_What is needed_: Type the listing below out again exactly. No images.

_Stored data_:

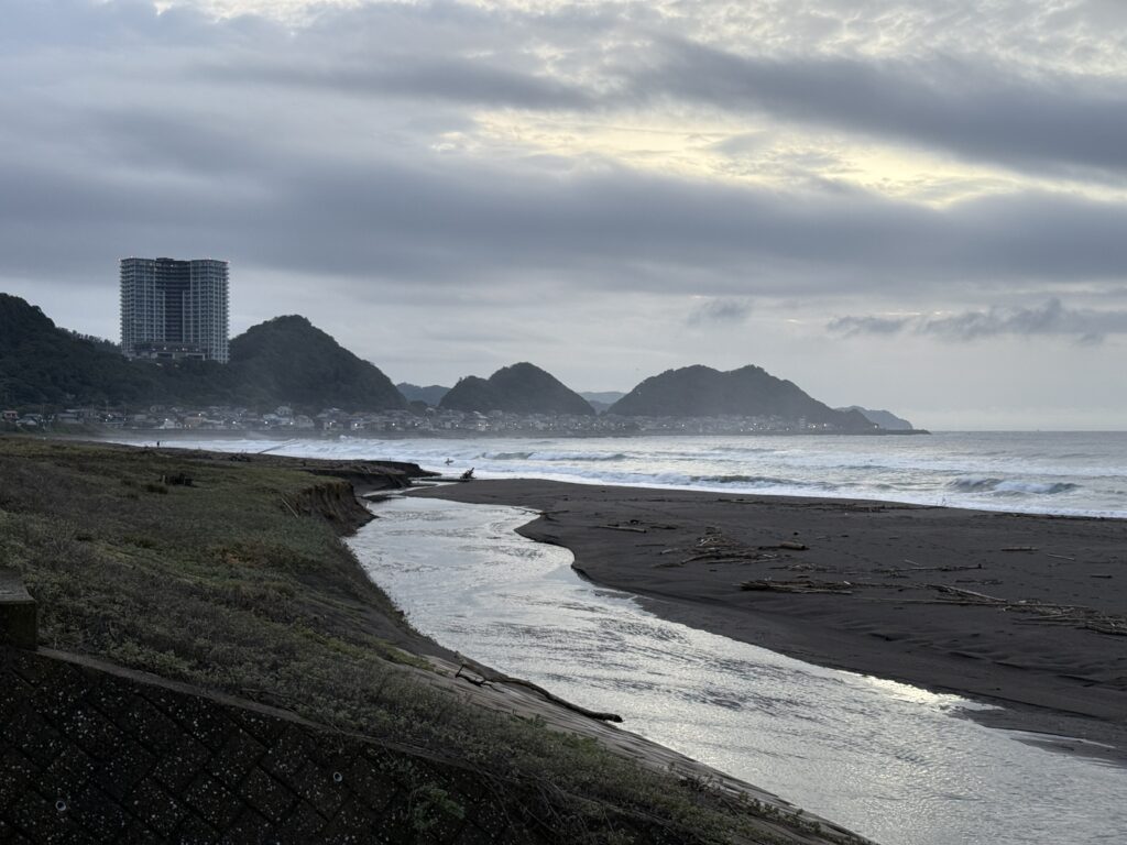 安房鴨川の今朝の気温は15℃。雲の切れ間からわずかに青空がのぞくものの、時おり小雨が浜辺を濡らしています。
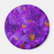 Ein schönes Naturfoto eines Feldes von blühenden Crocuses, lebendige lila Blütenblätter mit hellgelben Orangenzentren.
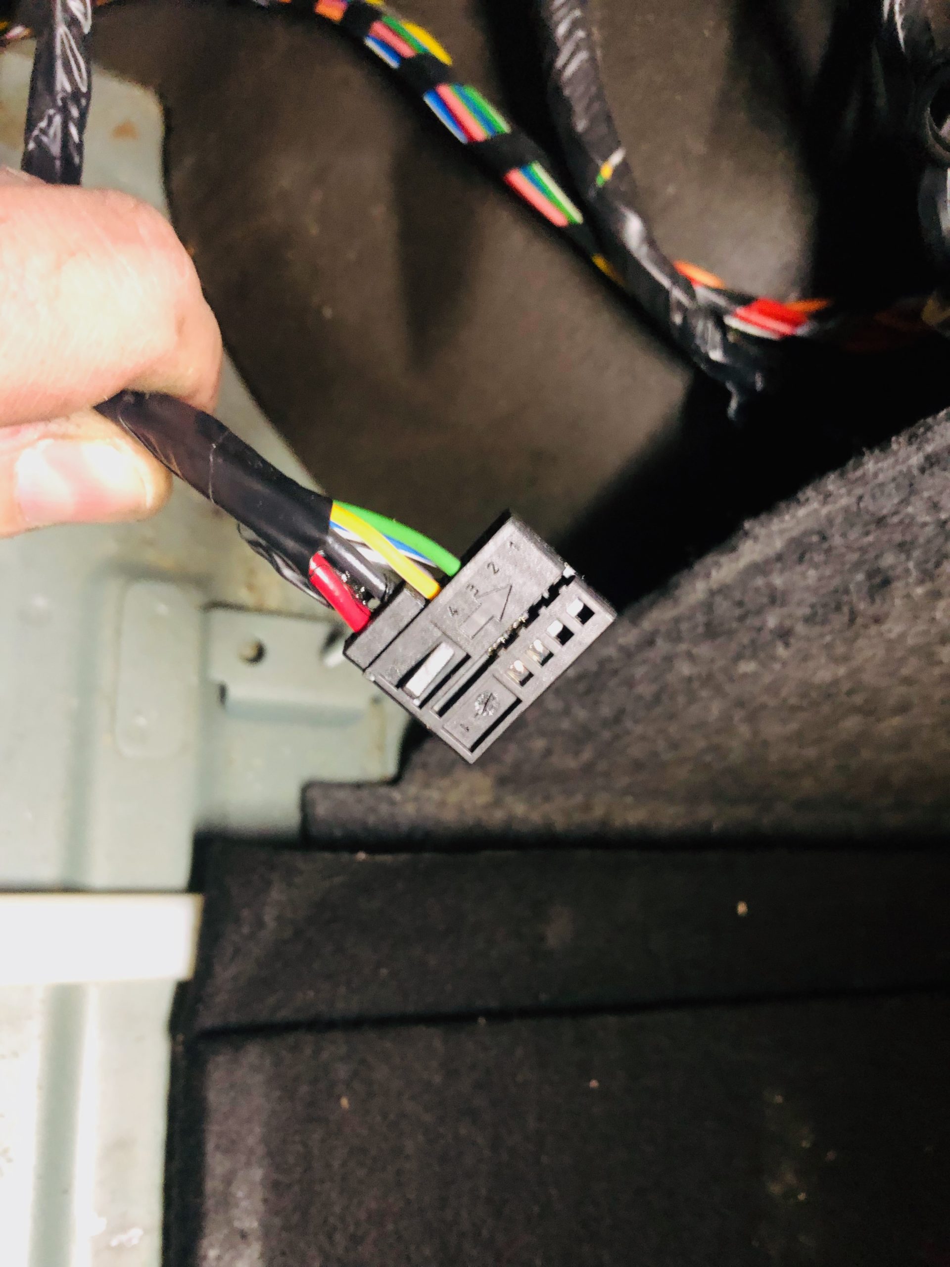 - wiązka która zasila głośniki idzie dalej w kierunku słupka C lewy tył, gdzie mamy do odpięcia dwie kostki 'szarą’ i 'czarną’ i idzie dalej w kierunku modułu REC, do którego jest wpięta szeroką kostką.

_Result_:
 安房鴨川の今朝の気温は15℃。雲の切れ間からわずかに青空がのぞくものの、時おり小雨が浜辺を濡らしています。
 Ein schönes Naturfoto eines Feldes von blühenden Crocuses, lebendige lila Blütenblätter mit hellgelben Orangenzentren.
 - wiązka która zasila głośniki idzie dalej w kierunku słupka C lewy tył, gdzie mamy do odpięcia dwie kostki 'szarą’ i 'czarną’ i idzie dalej w kierunku modułu REC, do którego jest wpięta szeroką kostką.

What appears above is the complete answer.